Jaejoong calls on his birthday. Changmin scratches an itch on his right foot with the toe of his left foot, and leans down, scoping out the contents of their tiny refrigerator. Jaejoong sounds like clouds, light and airy and oblivious to the way his voice goes straight through Changmin - always has, always does. Changmin decides on milk, waterfalls straight from the carton because it's his birthday (Kyuhyun doesn't need to know). Jaejoong is telling a story; he supposes it's meant to be funny. He hmms because he's afraid to speak: Jaejoong's always had a talent for pulling his heart out onto his sleeve.

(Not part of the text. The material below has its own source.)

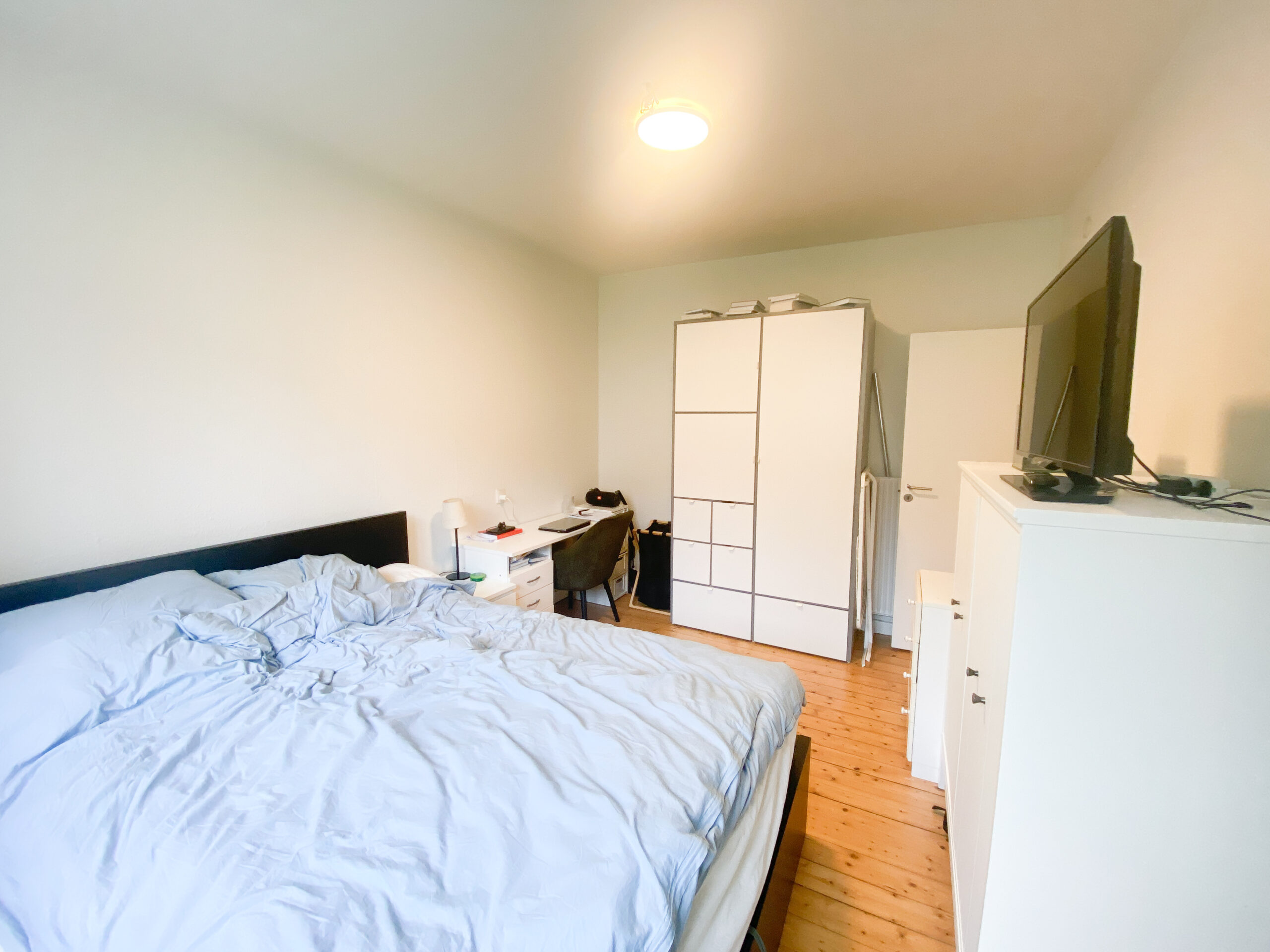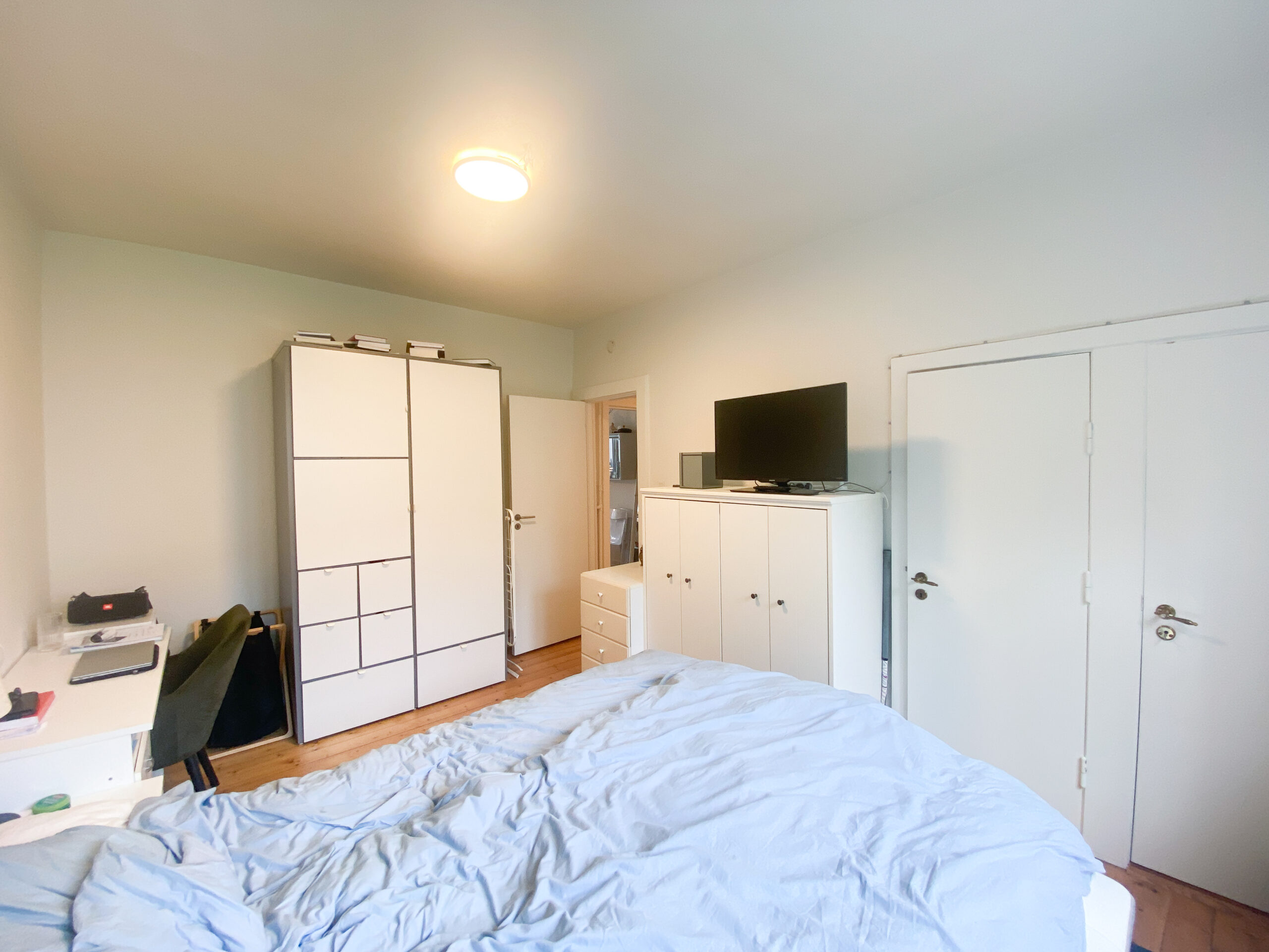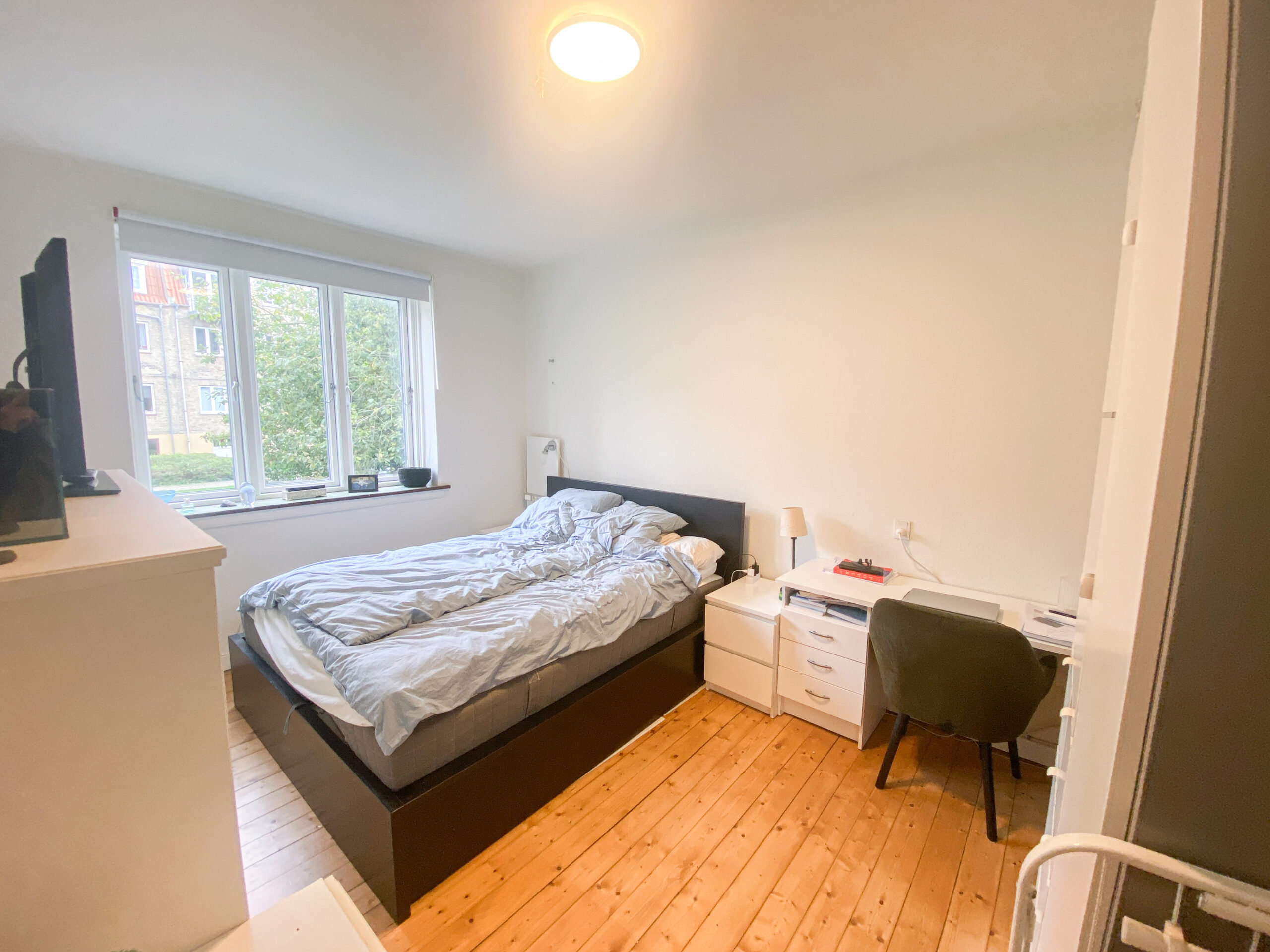 For enden af gangen finder du soveværelset, der er perfekt til både afslapning og arbejde. Rummet er rummeligt og indeholder et stort klædeskab, en komfortabel dobbeltseng og et rummeligt skrivebord. Soveværelset har også vindue mod gårdhaven, hvilket skaber en rolig og behagelig atmosfære.

Kyuhyun appears just after the refrigerator door swings shut, hair mussed in a sleepy halo. "'Morning," he mumbles as he shuffles past Changmin and into the bathroom.

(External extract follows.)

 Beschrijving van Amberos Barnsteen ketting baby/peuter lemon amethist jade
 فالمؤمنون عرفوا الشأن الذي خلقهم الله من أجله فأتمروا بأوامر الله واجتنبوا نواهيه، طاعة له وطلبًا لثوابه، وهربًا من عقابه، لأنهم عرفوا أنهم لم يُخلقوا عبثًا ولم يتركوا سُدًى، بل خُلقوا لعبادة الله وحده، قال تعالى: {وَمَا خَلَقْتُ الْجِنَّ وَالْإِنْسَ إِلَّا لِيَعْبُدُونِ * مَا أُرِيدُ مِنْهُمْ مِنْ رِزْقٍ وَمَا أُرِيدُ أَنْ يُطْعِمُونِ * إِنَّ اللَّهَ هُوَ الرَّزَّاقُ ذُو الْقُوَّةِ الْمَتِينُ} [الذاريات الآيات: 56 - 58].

Jaejoong's voice goes soft just as the bathroom faucet begins to run, a muffled, closed-off sound. "Come back soon," Jaejoong says, as if he has a choice in the matter. His voice sounds close, smothered; Changmin guesses he has the phone cradled to his ear. "I miss you."
Changmin fights down the knot in his chest and whispers, "Okay." Jaejoong takes it all in stride with another non sequitur.
It reminds him of his first kiss back in Seoul, how dry his throat had been when he'd said, "Okay." Only if you're sure, Jaejoong had said. Only if you're sure. Jaejoong had curved a hand behind his neck and kissed him, lips moving soft and careful, wet where Changmin had licked his lips before.
It had only lasted a moment, but with his eyes closed, it had felt like minutes before Jaejoong moved away, eyes lit up. "There," he'd said, and then it had been like nothing had happened at all: Jaejoong had resumed watching people drifting down sidewalks and into the night as Changmin filed the moment away, taking in the foreign taste on his lips, barely there. He never says thank you, and Jaejoong doesn't seem to expect it. A kiss, after all, is not a contract, even if Changmin wants it to be.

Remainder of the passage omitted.